However, these developments raise serious questions about how the brain is being modelled computationally in companies such as IBM, or how neuroscientific insights and models are being embodied in the kinds of AIEd applications promoted by Pearson. The ways IBM and Pearson conceive the brain are deeply consequential to the AI and cognitive systems they are developing, and to how they might interact with human actors and possibly influence their cognition by shaping their brains. These understandings may not provide adequate approximations of human mental and cognitive functioning.

Many AI and cognitive computing enthusiasts treat the brain as a kind of computational system that can be debugged and optimized, and reproduce reductive scientific representations of the brain as an information-processing computer:

Just a few years after the dawn of computer technology in the 1940s, the brain was said to operate like a computer, with the role of physical hardware played by the brain itself and our thoughts serving as software…, firmly rooted in the idea that humans are, like computers, information processors. This effort now involves thousands of researchers, consumes billions of dollars in funding, and has generated a vast literature consisting of both technical and mainstream articles and books … speculating about the algorithms of the brain, how the brain processes data, and even how it superficially resembles integrated circuits in its structure.
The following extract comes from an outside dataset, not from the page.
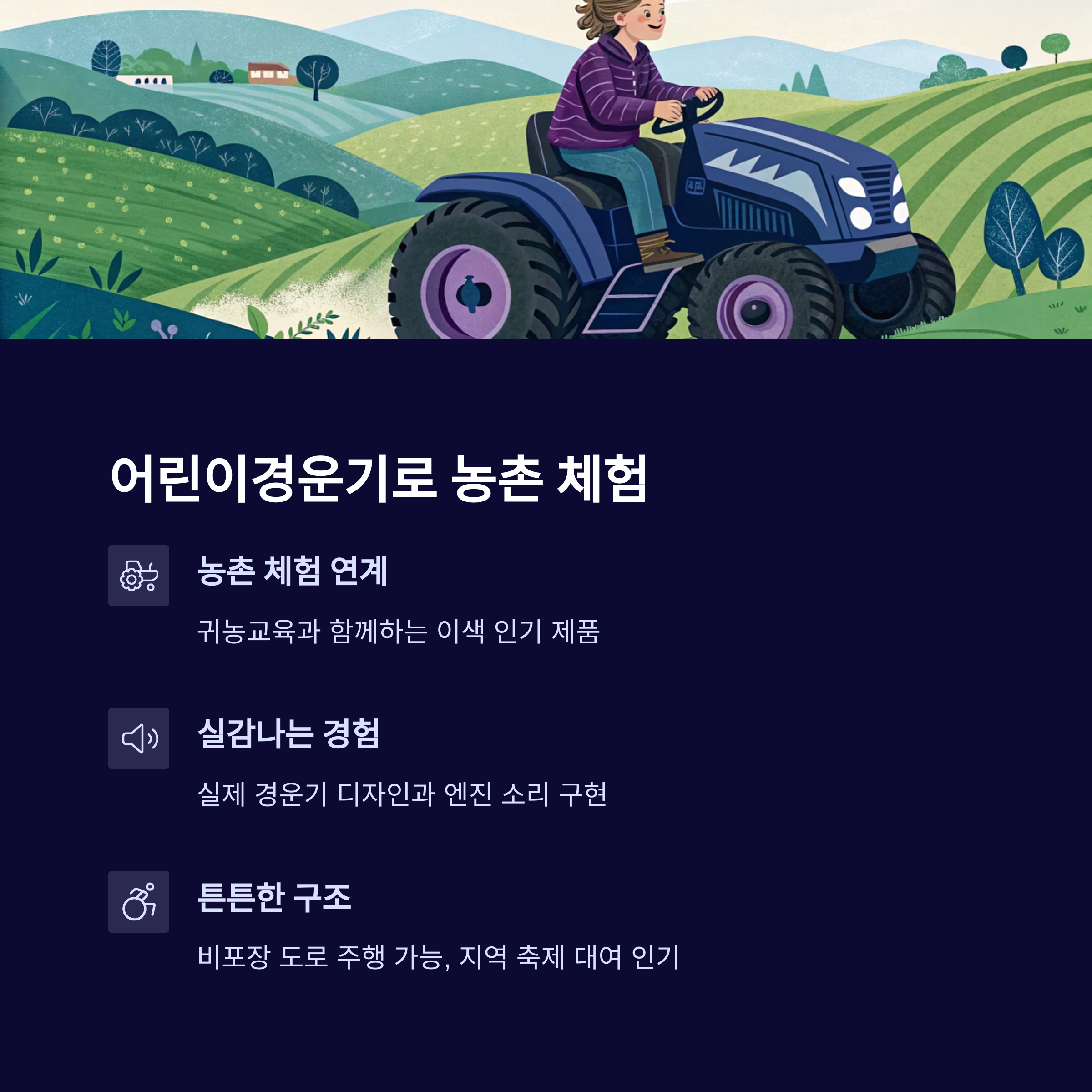| 6~8세 | 어린이 경운기 | 버튼 조작, 사진용 인기도 높음 |

The information processing metaphor of human intelligence now dominates human thinking, both on the street and in the sciences.
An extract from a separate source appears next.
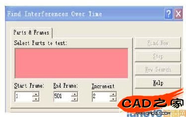 在Motion的下拉菜單中選取“Intellimotion builder”按鈕后,點擊“Interferences”按鈕(如圖4所示),然后再點擊“Check Interferences”按鈕,即可進行運動干涉檢查,若有運動干涉的部件就會在如圖7所示的窗口中顯示,然后即可在相應的部位進行修改。若出現干涉,可察看到具體干涉位置,相應部位進行修改設計。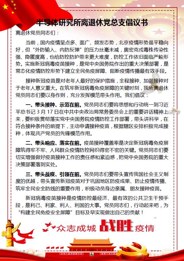 离退休党总支倡议离退休同志接种疫苗倡议书

IBM’s ideal that cognitive systems can “rewire the ways we learn” inscribes the information-processing metaphor onto the learning brain. While the systems that IBM and Pearson are promoting may be “brain-based” and “brain-targeted” then, they reproduce a problematic understanding of mental life in terms of computational information processing. They not only treat the neural networks of the learning brain as computable, but may be confusing brain-inspired machine learning and information processing with the complexity of embodied, culturally relevant and socially situated learning.